Polymarket Faces Scrutiny Over $7 Million Ukraine Mineral Deal Bet

Polymarket, the largest decentralised prediction market, has come under fire following concerns of governance manipulation in a high-stakes political wager.

A betting market on the platform asked whether former US President Donald Trump would approve a rare earth mineral deal with Ukraine before April. Despite no such agreement occurring, the market was settled as “Yes,” triggering outrage among users and industry observers.

Ukraine/US mineral deal betting pool on Polymarket. Source: Polymarket
Ukraine/US mineral deal betting pool on Polymarket. Source: Polymarket

Crypto threat researcher Vladimir S. suggested that the outcome may have been the result of a “governance attack,” in which a prominent user manipulated the voting process. The alleged orchestrator, a whale from the UMA Protocol, reportedly used 5 million tokens across three accounts, making up 25% of the total votes, to influence the oracle’s decision and secure an unfair profit.

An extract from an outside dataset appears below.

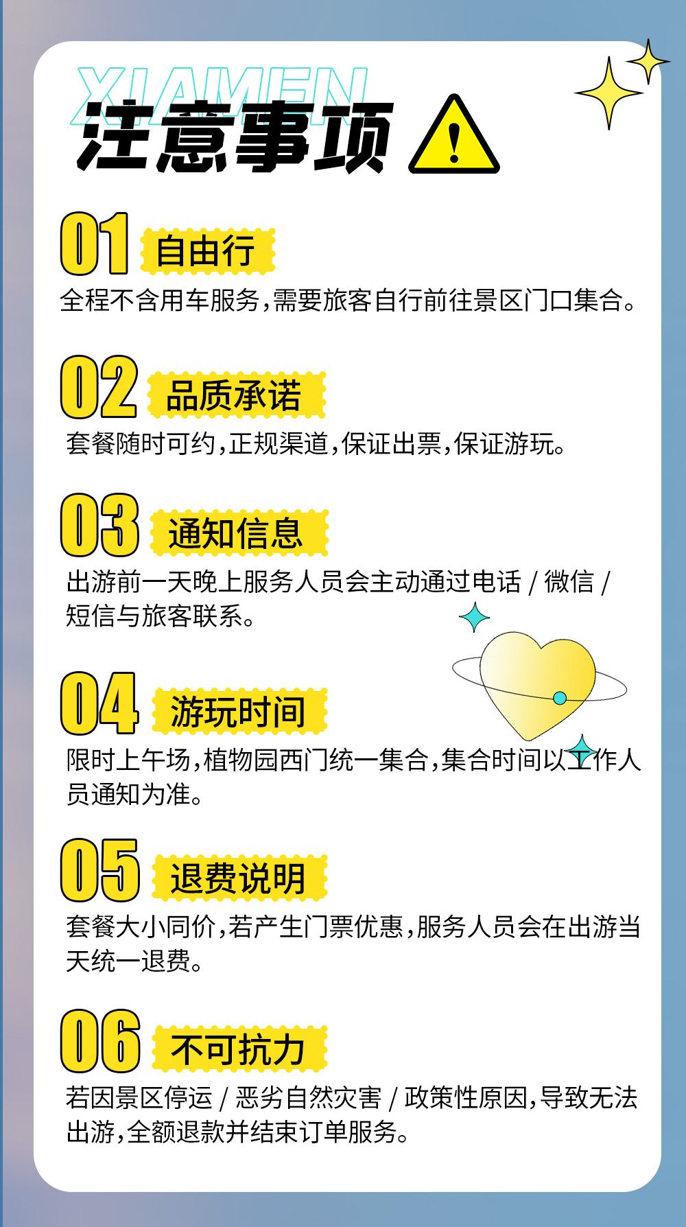 【套餐C行程安排】自行前往集合+鐘鼓索道(導遊帶領進入)+自由活動+南普陀寺約定時間導遊講解(超時未到,可自行入寺參觀)+自由解散 需要【廈大進校】請選擇【套餐B】,行程不含用車服務。景點請自行前往,有任何疑問可隨時諮詢線上客服或當天帶團導遊,感謝理解,謝謝~早餐

Polymarket, which relies on UMA Protocol’s blockchain oracles to verify real-world events and settle market outcomes, has pledged to prevent such incidents in the future. According to platform data, the market amassed over $7 million in trading volume before being settled on 25 March.

SEC to Host Four More Crypto Roundtables

The US Securities and Exchange Commission (SEC) has announced plans for four additional roundtables focusing on key aspects of cryptocurrency regulation, following its first roundtable on 21 March.

Organised by the SEC’s Crypto Task Force, the discussions will address crypto trading, custody, tokenisation, and decentralised finance (DeFi). The first session, scheduled for 11 April, will focus on adapting regulations for crypto trading, followed by a session on custody on 25 April. Tokenisation and the process of moving assets on-chain will be discussed on 12 May, while the final roundtable on 6 June will centre on DeFi.

SEC Commissioner Hester Peirce, who leads the task force, described the roundtables as an opportunity for experts to engage in discussions on the regulatory challenges within the crypto space. Specific agendas and speakers for each session have yet to be disclosed.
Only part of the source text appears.